New Albany Middle School was honored to welcome Don Jakeway, a member of the Army’s 82nd Airborne Division, and Bert Jakobs, a Holocaust survivor, on Thursday, February 2.
Don and Bert met for the first time just one day before their visit to the New Albany school. When they met with students and staff, they shared how Don aided Bert’s family survival and the impact it made on each of their lives.
On September 17, 1944, Don and his fellow paratroopers parachuted into the town of Beek, Holland with a mission to secure the bridges in town. They encountered heavy gunfire for four days, and then on September 21, with no German Nazi soldiers in sight, Don heard an SOS call coming from the house whose garden was their battleground. This SOS call was from a fourteen year-old German Jew named Edith Jakobs, sister of Bert Jacobs. Edith, and her family of five, had been hiding in this house for twenty-five months. Don and his infantry successfully liberated this family after months of fear. The youngest member of this family was Bert Jakobs, then ten. Bert has always known that Don and his infantry were responsible for liberating his family, but they had never met… until now!

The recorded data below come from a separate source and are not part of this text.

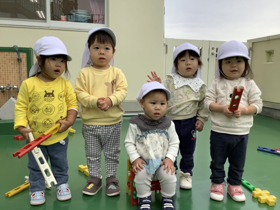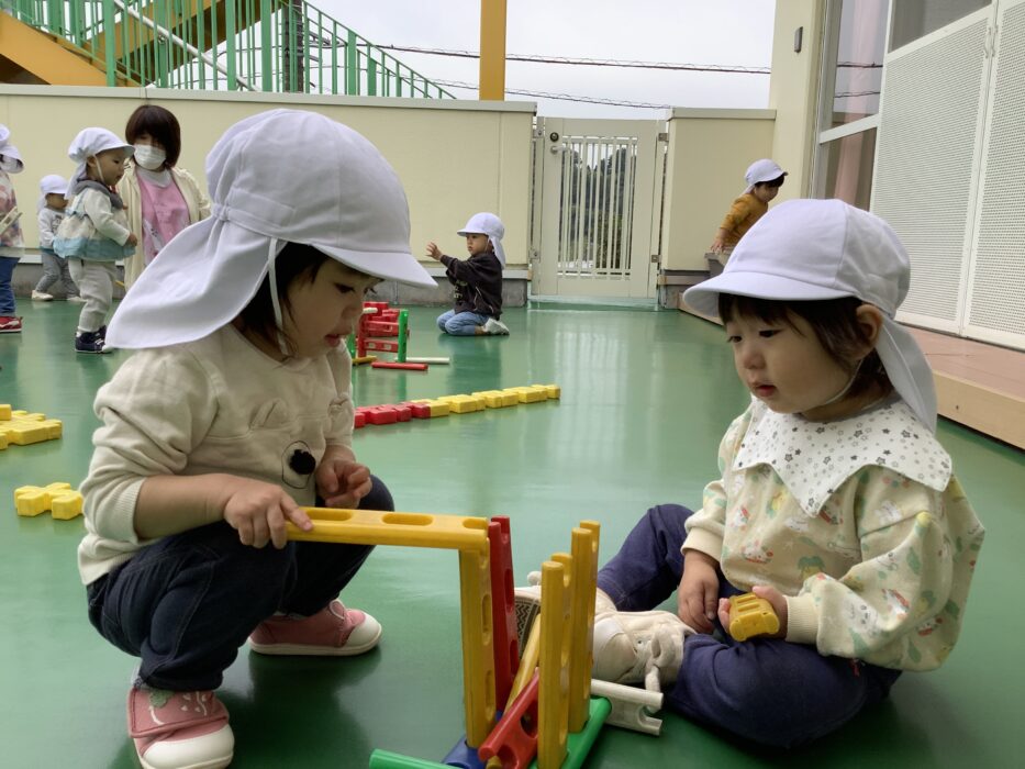 今日はきいろぐみの前のテラスでブロックを出して遊びました。
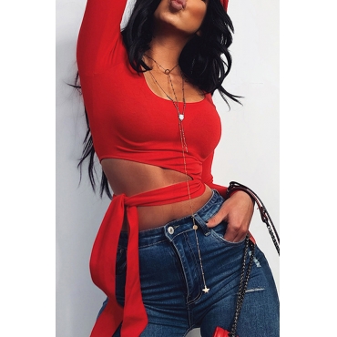 Lovely Casual O Neck Lace-up Red T-shirt
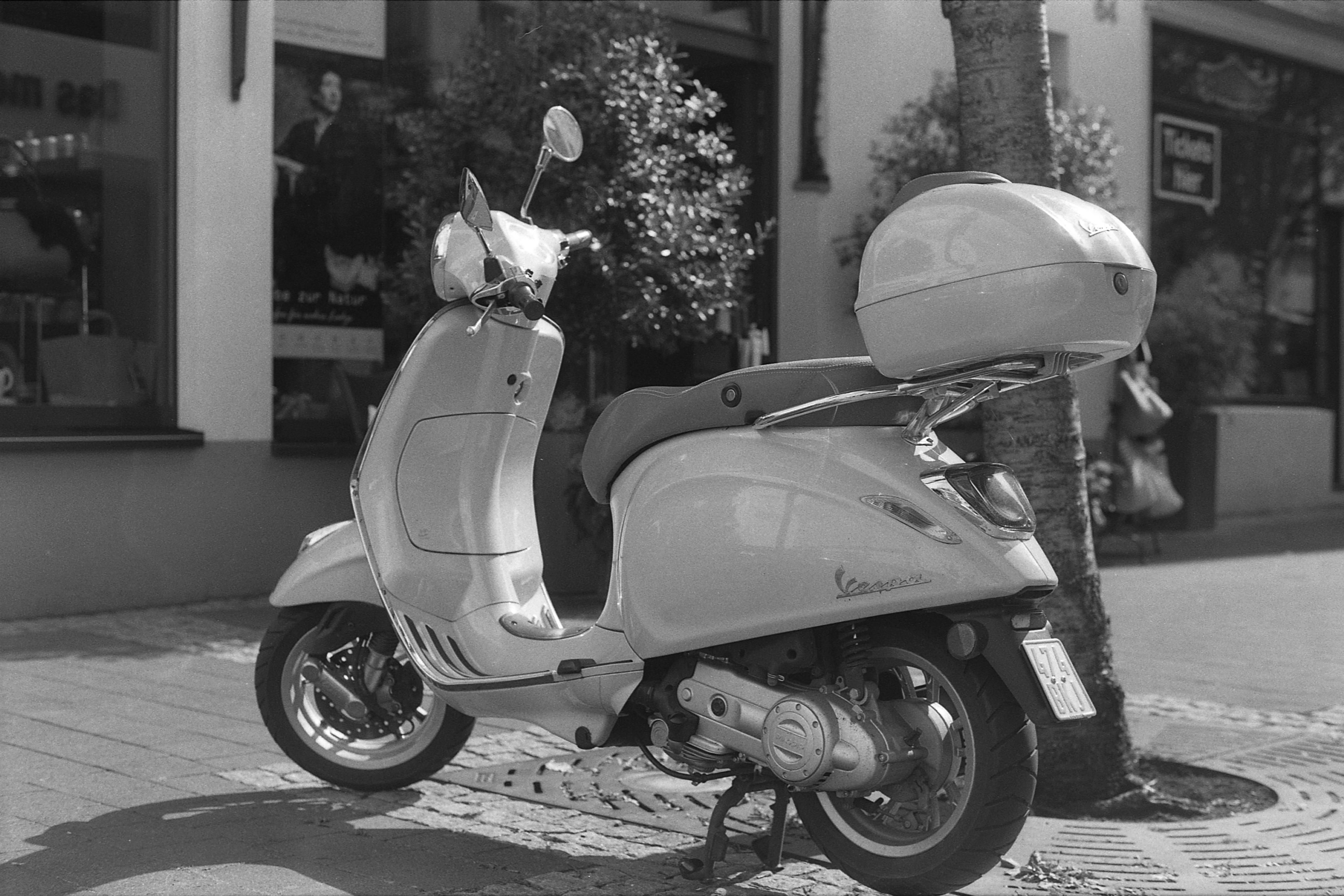 Vespas wurden erfunden, damit ich die fotografieren kann, scheinbar. (55mm, 1/150s, f/4.) In der Stadt sind mehr Schatten und die Belichtung muss nicht ganz so exzessiv sein. Das gute Stück macht macht sich so recht gut vor den leicht unscharfen Schaufenstern. Gefällt mir. Das war dann übrigens, wie man sehen kann, schon in Bonn selber.
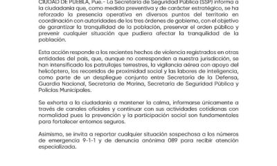 Domingo 22 de febrero de 2026 CIUDAD DE PUEBLA, Pue.- La Secretaría de Seguridad Pública (SSP) informa a la ciudadanía que, como medida preventiva y de...
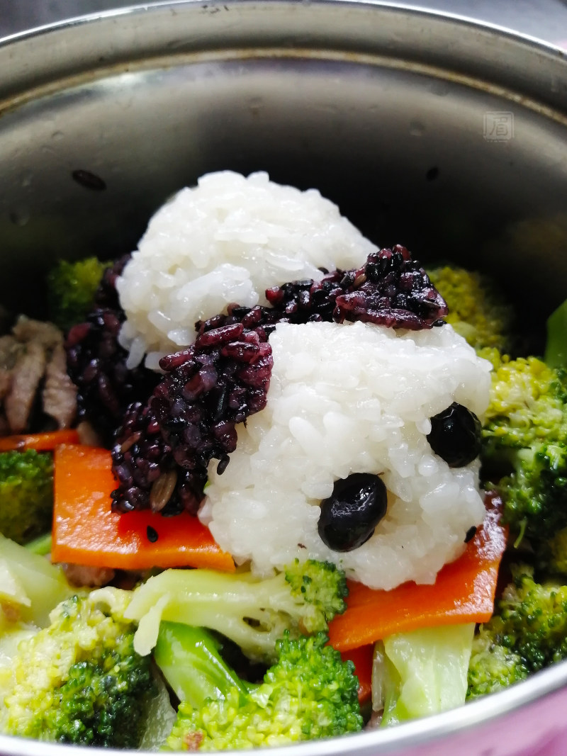 1.可以直接用黑米代替杂粮米,颜色更纯。2.菜谱中熊猫眼睛是用黑豆做的,如果用黑米代替杂粮米或者你的杂粮米中没有黑豆,可直接捏两个黑色小饭团代替,也可以蒸黑米饭时放几颗黑豆。
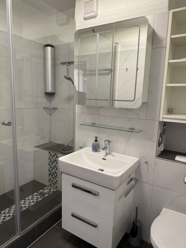 Das Badezimmer ist mit Dusche, Waschbecken und WC ausgestattet. Im Flur findet sich ausreichend Platz für eine Garderobe.
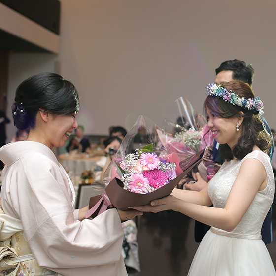 また、当日の着付けの方、メイクの方、カメラマンさん達、シェフ、フロアスタッフの方、当日関わっていただいた全てのスタッフの皆さんのおかげで、素晴らしい式になりました。ほんとにありがとうございます。
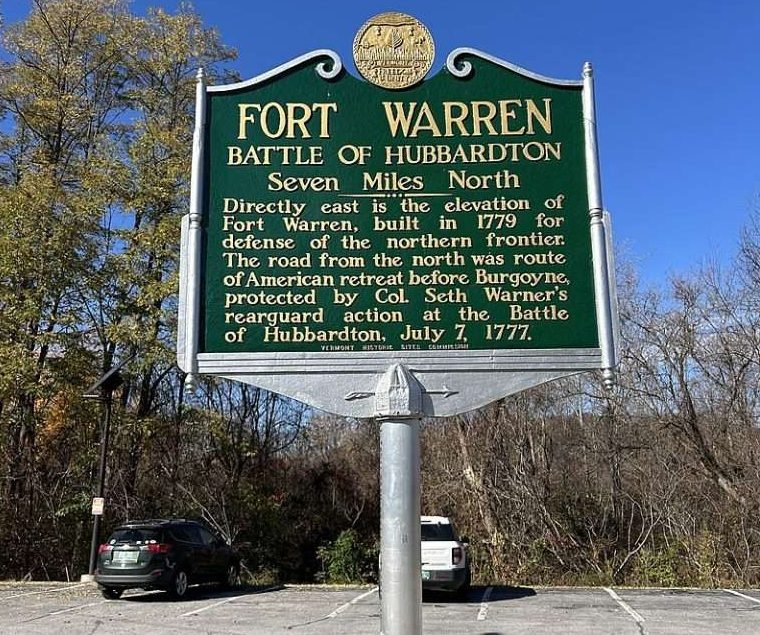 Likewise, the DAR marker for Fort Warren (1779) is concealed behind shrubs at a park-and-ride at the intersection of VT Route 4A and East Hubbardton Road in Castleton.
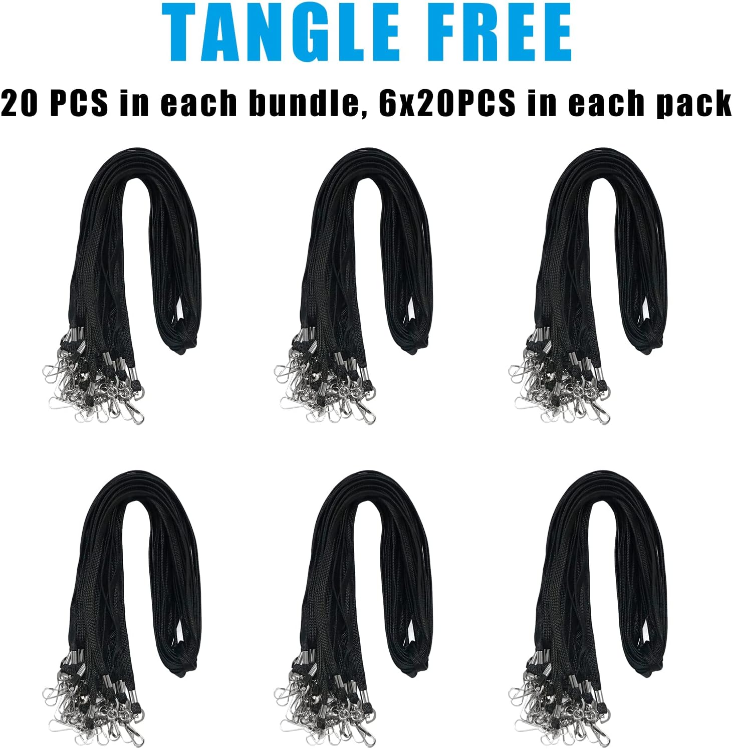 120 Pcs Black Lanyards Premium Bulk Flat Lanyards 36" with Swivel J Hook for ID Name Badge Holder, VIP, School, Kids, Coach, Conference, Festival and Hang Keys
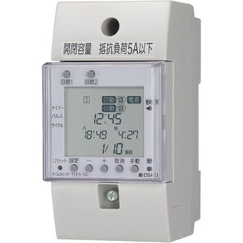 仕様【時計部(時刻表示)】24時間制(0時00分~23時59分)、【時計部(精度)】月差±15秒以内(周囲温度25℃において)質量(g)200取付方式協約取付・IECレール取付・表面取付共用使用温度範囲(℃)-10~+50出力【回路数】2回路(無電圧C接点)、【接点容量/抵抗負荷】AC250V 5A以下、DC30V 5A以下、【接点容量/誘導負荷】AC250V 2A以内(COSΦ=0.4以上)、DC30V 2A以内(L/R=7ms)定格電圧(V)AC100-200共用(AC80~240)寸法(幅W×高さH×奥行D)(mm)50×100×75制御24時間制御設定方式【カレンダ・時計】曜日、時、分、【サイクル制御】有(ON,OFF時間各1~90分)、【パルス出力】有(1~90秒)、【動作数】2回路合計最大20動作(「入」「切」組合せ)、【最小設定間隔】1分、【設定単位】1分(サイクル1~90分,パルス1~90秒)周波数50/60Hz共用使用湿度範囲85%以下(結露、氷結しないこと)消費電力(VA)AC200V/60Hz時 1以下(0.5W以下)制御周期24時間停電補償累計停電期間 5年間内容量1個
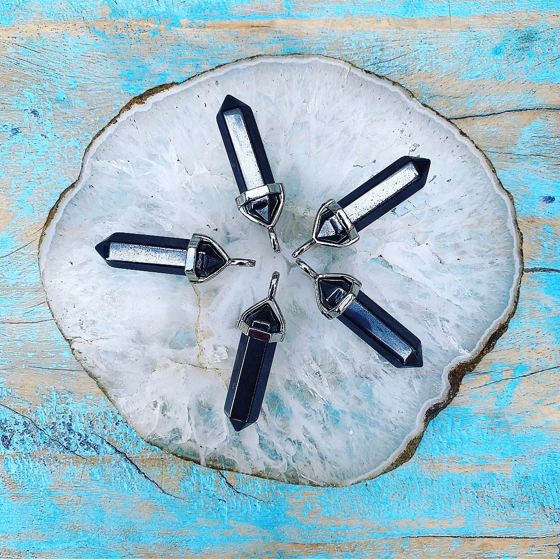Voel je je overweldigd, overspoeld of overprikkeld, pak de hematiet dubbeplpunt hanger dan even tussen duim en wijsvinger van je niet-dominante hand (de hand waarmee je niet schrijft). Haal drie keer langzaam en diep adem, tel tot tien en stel je voor hoe alles in je lichaam, geest en aura wat niet nodig is of wat schadelijk is voor je energieniveau wegvloeit, terug de aarde in. Je kunt je voorstellen dat er een afvoerputje voor je op de grond is, bestemd voor de overtollige prikkels en voor alle negativiteit die je per ongeluk van anderen hebt overgenomen. Stel je voor hoe je lichaam en geest terwijl je de hematiet aanraakt, energie loslaten die moeiteloos in dit afvoerputje stroomt. Dit kun je zo vaak doen als je wilt en als nodig is. Deze korte aandachtsoefening en reinigende mini-visualisatie met hematiet kan je ontzettend helpen om energetisch in balans te blijven op dagen dat de snelheid van het leven en de wereld om je heen een uitdaging zijn voor je sensitieve aard.
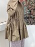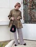 秋カラーで大人カジュアルコーデ。 ダークグリーンのチュニックは一気に秋らしい印象に。 すっきりとした スタンドカラーとフリルの組み合わせは甘すぎずカジュアルも着れるアイテム! パンツを合わせれば更にカジュアルダウンするのも◎
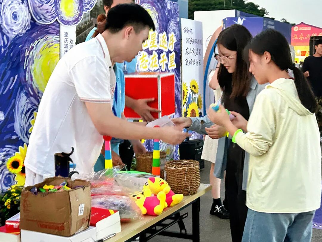 中场互动环节更是将气氛推向高潮。歌词接龙游戏中,同学们凭借对热门歌曲的熟悉度积极抢答,获胜者抱走零食大礼包;“你划我猜”音乐版考验团队默契,夸张动作与默契配合逗得全场大笑;盲盒抽签唱指定曲目的环节,让随机与惊喜交织,每位参与者都成为舞台焦点。
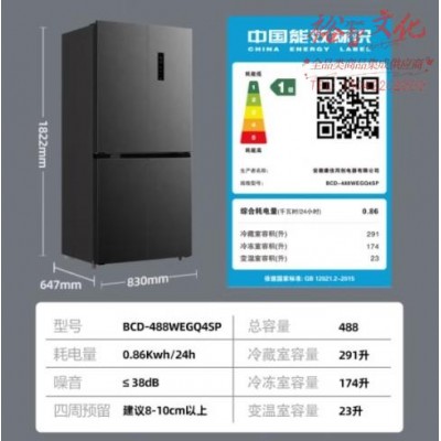 康佳488升15天生态原鲜超薄嵌入式无霜双循环一级能效双变频十字对开双开四开门电冰箱BCD-488WEGQ4SPSKU:yzwhyp869112
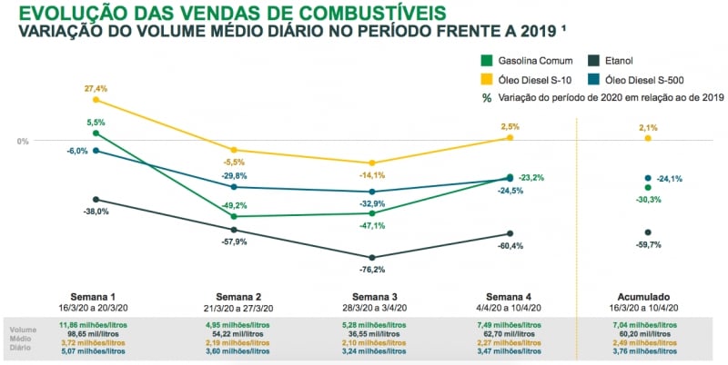 Nos postos de combustíveis, a queda na venda diária de gasolina ficou em 30% no período de quatro semanas em relação a 2019. Na última semana, o recuo ficou em 23,2%, com venda de 7,5 milhões de litros, enquanto na semana anterior havia ficado em 5,3% milhões de litros, com queda de quase 50%. O valor médio do litro continua caindo e chega a R$ 4,19. Óleo diesel segue tendo queda bem menor, com 2,5% a menos no ciclo recente. Etanol ultrapassa 60% de queda.
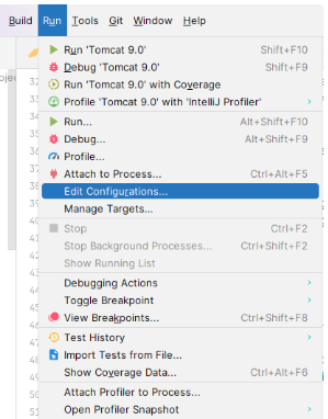 3. 상단 MENU TAB 에서 Run -> Edit (run/debug) configurations 클릭
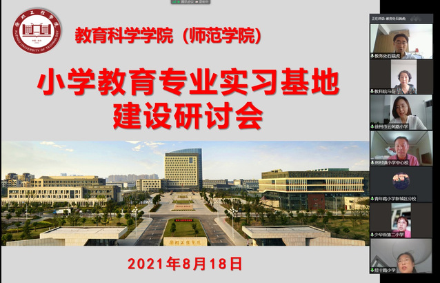 为进一步优化小学教育专业人才培养过程,提高人才培养质量,加强实习基地建设,我院于2021年8月18日上午9:30采用线上腾讯会议的方式召开小学教育专业实习基地建设工作研讨会。徐州市解放路教育集团云苑路等11所小学的校长或教导处主任参加研讨会,我校教务处石端虎副处长、教育科学学院耿中华书记、马衍院长、李先刚副书记、张典兵副院长、周红副院长、小学教育专业负责人王坤教授和小学教育教研室全体教师参加了会议。会议由张典兵副院长主持。
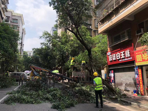 由于修枝涉及的區域較大,為保證施工安全,在工程開展的前一個星期,回興街道金凱路社區對該區域的居民發了告知通知;街道協調了回興交巡警大隊對支路的車輛進行了規范,對亂停亂放的車輛進行勸離;邀請渝北區經信委、區城管局的專業人士前往現場進行修枝技術指導。
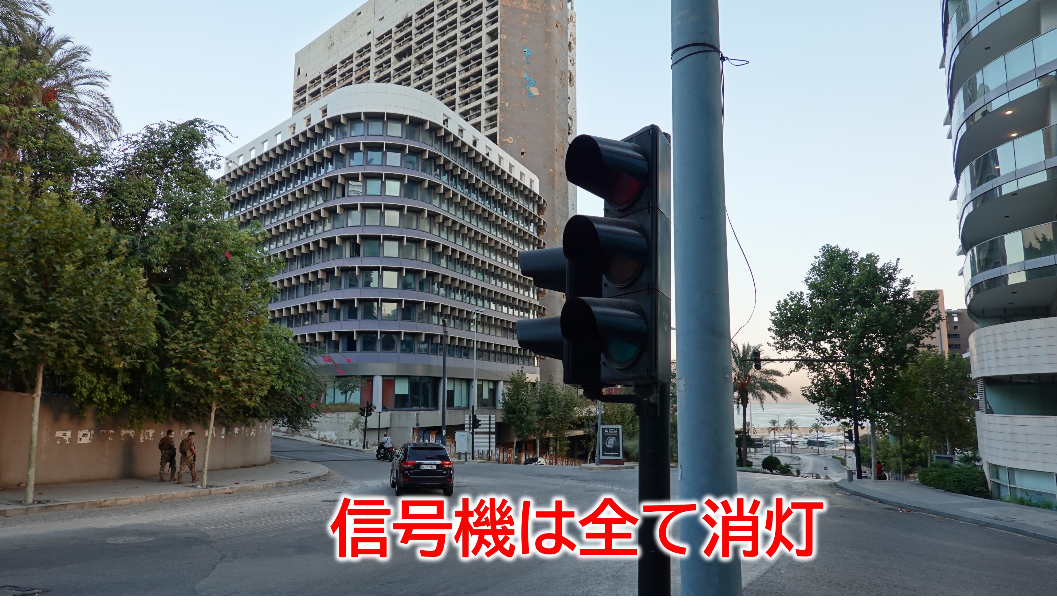 そして、後ろに写っているビル(廃墟っぽい)にはハチの巣状に穴が開いていたりする。20年前の戦争の弾痕跡とかなのか、それとも3年前の港の爆発によるものか理由は判らんけど。

“Having these men visit our campus, not only to tell their stories, but to share their insights on WWII, prejudice, discrimination, and culture is an opportunity our children will not have in five to ten years as these “historians” are well in their 70s, 80s and 90s,” said Social Studies Teacher Michele Oldenquist.
“Throughout New Albany’s social studies curriculum, we emphasize the importance of learning from the past, so that we do not allow history’s mistakes to be repeated,” Ms. Oldenquist continues. “As educators, we believe that having first-hand accounts of these events will make history come alive and provide students with a powerful example of how humans persevere despite the greatest of odds.”